- PROBLEM: When you reach the line holding "Here's an example", please begin to restate the lines word for word and continue through the last one in the material, excluding pictures.
-- DATASET EXCERPT follows --
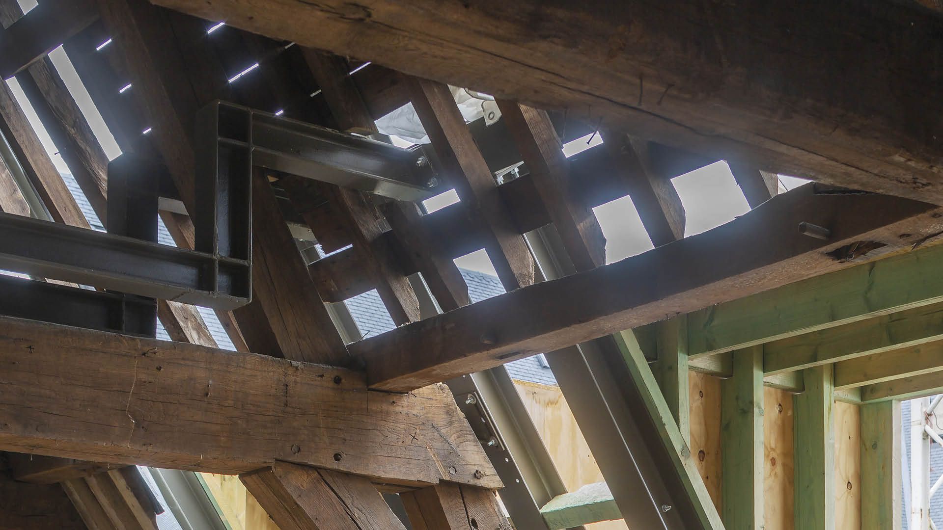La charpente existante était pourvue d’une peau autoportante et isolante, soutenue par des fermes métalliques. Celles-ci sont à leur tour couplées aux poutres de soupente horizontales de la charpente en bois existante. Les fermes métalliques ont été rendues aussi invisibles que possible pour faire ressortir au maximum l’authentique grenier de la bibliothèque. De plus, l’acier restant a été éliminé, à l’exception des colonnes des planchers de la mezzanine. Au total, environ 160 tonnes d’acier S355 ont été utilisées sous forme de profilés laminés à chaud.
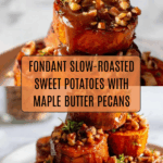 Keywords: fondant sweet potatoes, slow roasted sweet potatoes, maple butter pecans, roasted sweet potato recipe, holiday side dish, autumn recipes, pecan sauce
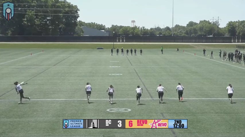 Here's an example of someone who seems to be roughly using the technique I'm suggesting. It's from another Portland Rising vs. NY Gridlock game, in 2024. Watch how the Gridlock player gets all the way to the sideline to read the pull:
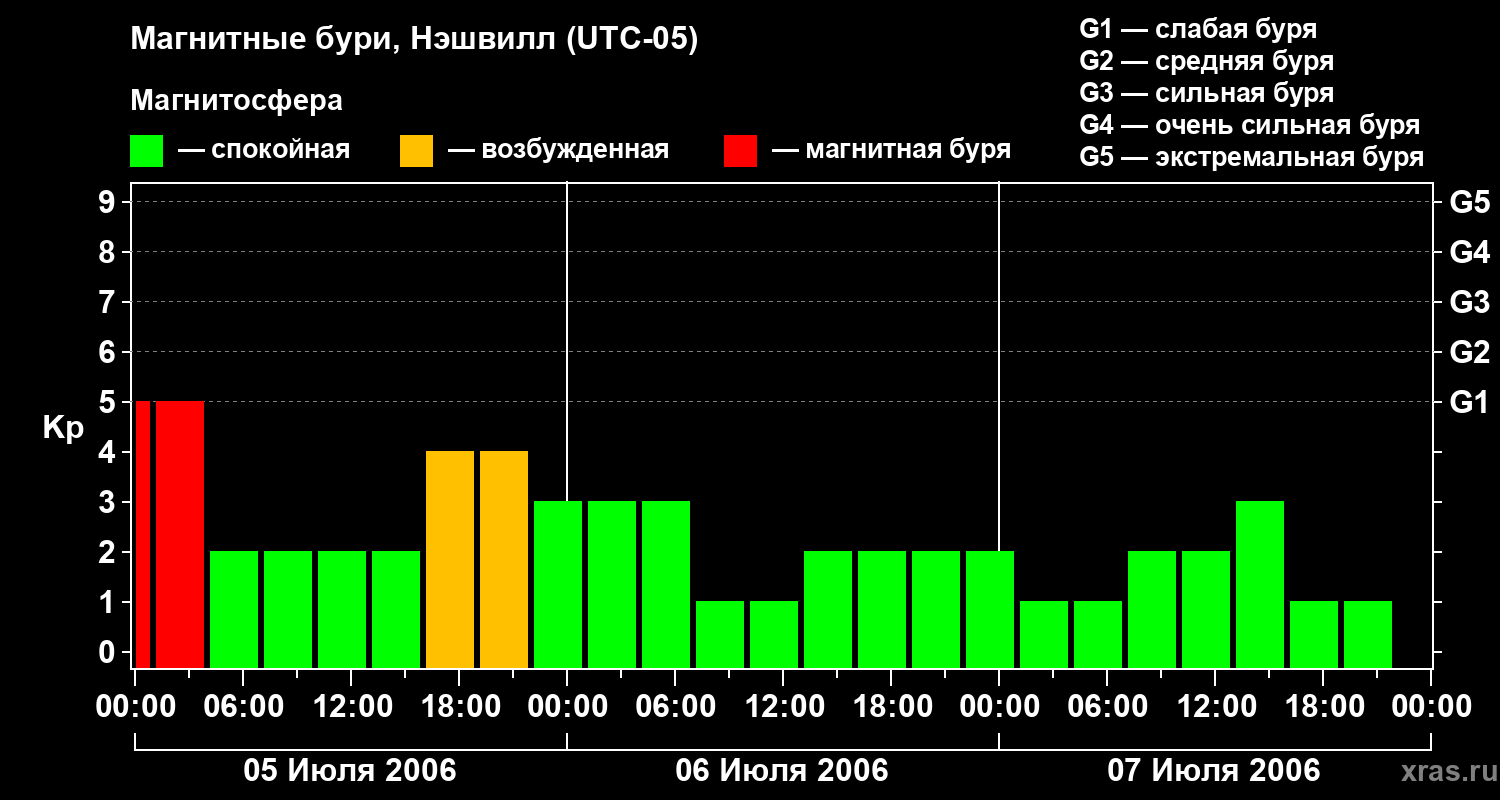 Изменения геомагнитного индекса Kp с 5 по 7 июля 2006 года для средних широт
-- DATASET EXCERPT concluded --
- WRITTEN SOLUTION:
 Here's an example of someone who seems to be roughly using the technique I'm suggesting. It's from another Portland Rising vs. NY Gridlock game, in 2024. Watch how the Gridlock player gets all the way to the sideline to read the pull:
 Изменения геомагнитного индекса Kp с 5 по 7 июля 2006 года для средних широт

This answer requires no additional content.